The report noted that the Gini coefficient — a popular measure of inequality
— increased from 74.7 in 2000 to 82.3 last year. The higher the number,
the greater the disparity in income. A rating of 0 means that income is equally distributed throughout a society, while a rating of 100 means that one person takes home all of the income.
India slipped into a rare recession last year, after a lockdown that lasted for almost four months. While the economy recovered this year, unemployment numbers approached
record levels this May after a massive surge in Covid cases this spring.
According to an analysis by
Pew Research Center, India’s middle class shrank by 32 million people last year as a consequence of the economic slowdown, compared to what it was expected to be without the pandemic.

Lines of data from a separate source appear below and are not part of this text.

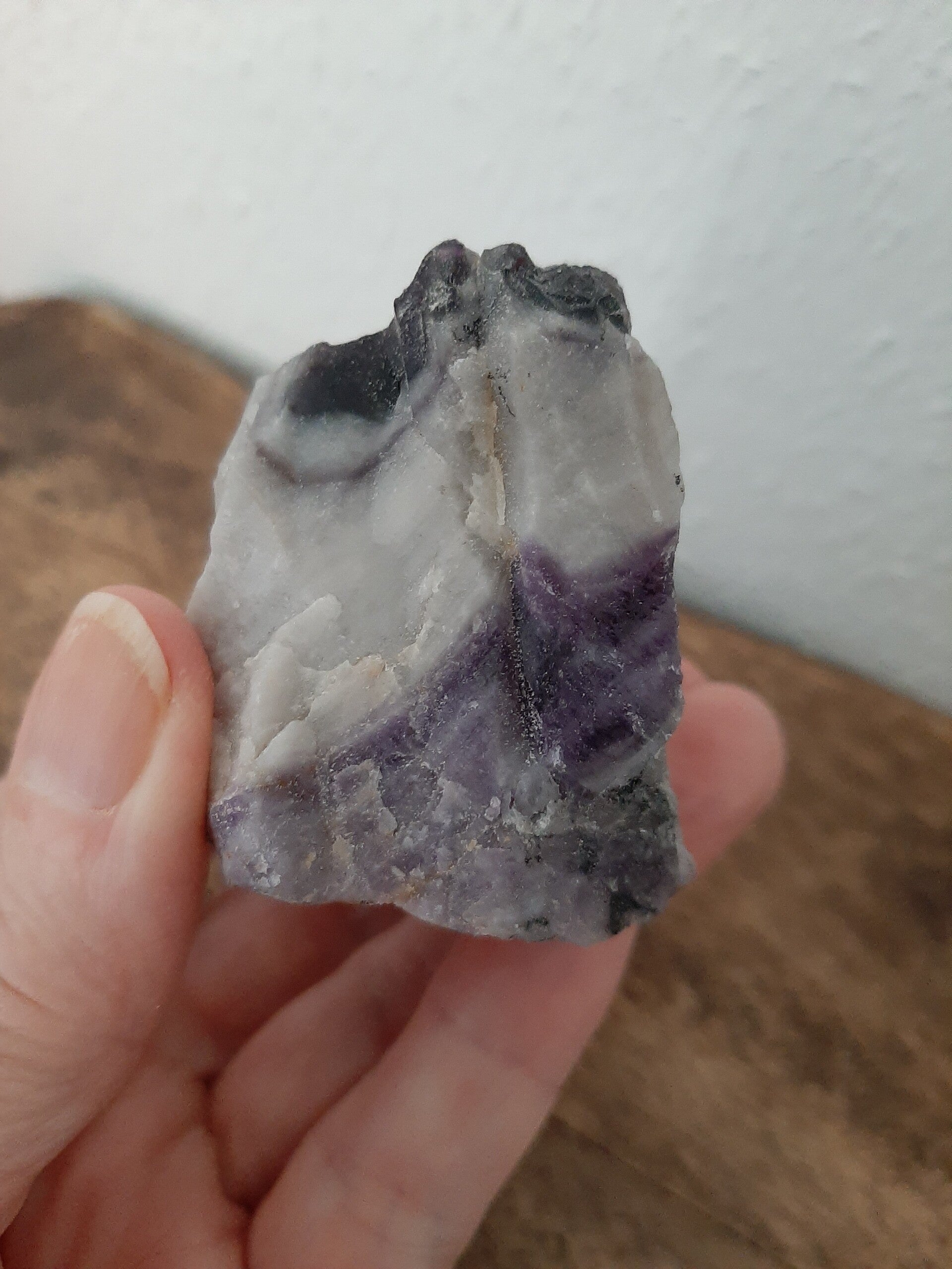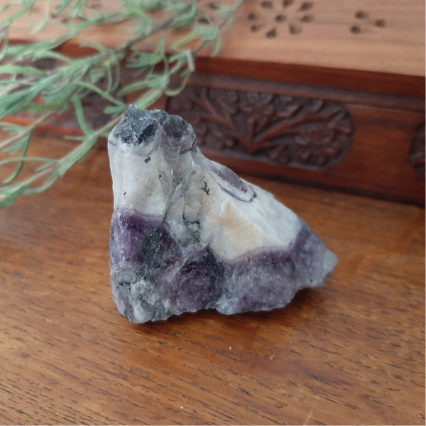Chevron Amethist combineert de reinigende en versterkende eigenschappen van witte kwarts met de beschermende en zuiverende invloeden van amethist. Deze bijzondere combinatie maakt het een krachtige steen voor spirituele groei en zuivering. Het helpt bij het openen van het derde oog en kruinchakra, waardoor spiritueel inzicht en hoger bewustzijn worden bevorderd. Chevron Amethist is ideaal voor meditatie en spirituele oefeningen, omdat het de innerlijke zelf en het hogere zelf verbindt, wat dieper begrip en helderheid bevordert.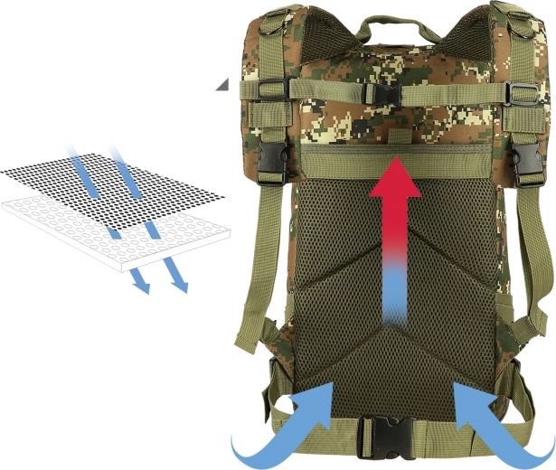 Komforten sikres af polstret ryg i mesh med NILS Vent for luftcirkulation, justerbare skulderremme samt bryst- og hoftebælte for bedre vægtfordeling. Der mangler heller ikke kompressionsremme til at reducere volumen og elastiske løkker til fastgørelse af tilbehør.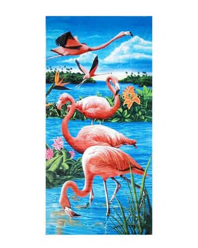 Set Of 2 Flamingos & Lake Beach Towels In Multi
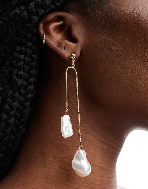 ASOS DESIGN – Długie kolczyki z łańcuszka w odcieniu złota ze sztucznymi perłami
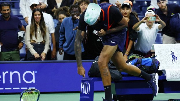Австралиец Ник Кирьос после поражения россиянину Карену Хачанову в четвертьфинале US Open сломал свою ракетку, не сдержав эмоций.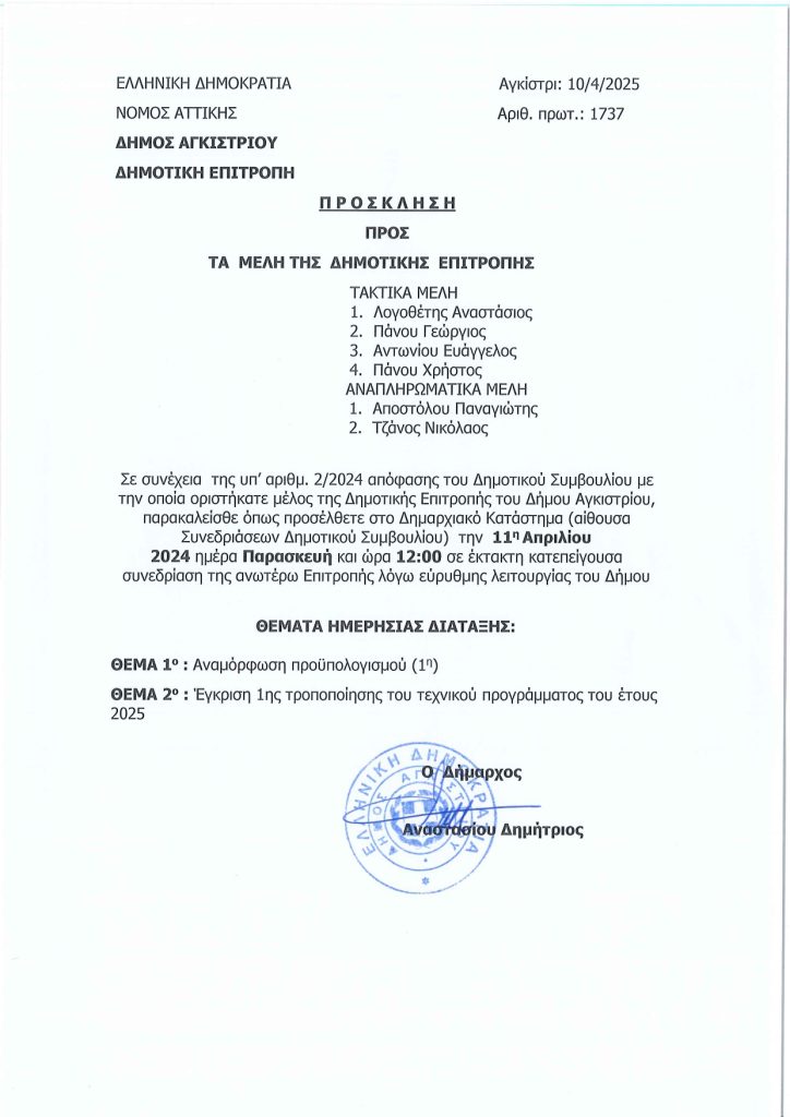 10η έκτακτη Συνεδρίαση της Δημοτικής Επιτροπής, Παρασκευή 11 Απριλίου 2025 και ώρα 12.00 10 Απριλίου 2025 ΠΡΟΣΚΛΗΣΕΙΣ ΣΥΜΒΟΥΛΙΩΝ ΔΗΜΟΤΙΚΗΣ ΕΠΙΤΡΟΠΗΣ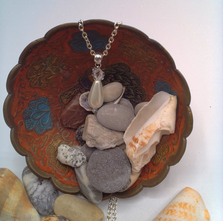 This very classic elegant cream drop pearl pendant suspended on a beaded bail on a silver plated chain would look stunning for any special occasion. It would also make a super gift for a friend or relative for a birthday or anniversary, or a lovely treat for yourself. The pendant is made using a 18 mm x 8 mm white teardrop pearl with clear lined seed beads making the pretty bail. The chain is silver plated and it is secured with a silver plated toggle clasp. The chain is 16 inches (40 cm) in length. The necklace will be dispatched wrapped in tissue paper in an organza bag and delivered to you via Royal Mail first class post.

“Meanwhile, the number of people who are poor in India (with incomes of $2 or less a day) is estimated to have increased by 75 million because of the Covid-19 recession,” senior Pew researcher Rakesh Kochhar wrote in a post in March, adding that it accounted for nearly 60% of the global increase in poverty. That increase didn’t account for the second wave.
By comparison, the change in living standards in China has been “more modest,” Kochhar added.
Many households coped with the loss of income last year by cutting back on food intake, selling assets, and borrowing informally from friends, relatives, and money lenders, according to researchers at
Azim Premji University in the Indian state of Karnataka.
The researchers estimate that some 230 million Indians fell into poverty — which they defined as income of less than $5 a day — because of the pandemic.
“An alarming 90 per cent of respondents … reported that households had suffered a reduction in food intake as a result of the lockdown,” the researchers wrote in a May report examining the impact of one year of Covid in India. “Even more worryingly, 20 per cent reported that food intake had not improved even six months after the lockdown.”
The Abdul Latif Jameel Poverty Action Lab has been studying the impact of the pandemic on workers from some of India’s poorest states. In a report on young migrant workers from the states of Bihar and Jharkhand, the researchers found that Covid-19 pushed men out of salaried work, and women out of the workforce entirely.
“They [women] had this one chance of working. Now they are back home with their families and being pushed to get married,” Clément Imbert, associate professor of economics at the University of Warwick and one of the researchers, told CNN Business.
Now, as India braces for a
potential third wave of Covid-19, researchers hope the government can introduce some
bold measures to cushion the impact on the world’s weakest.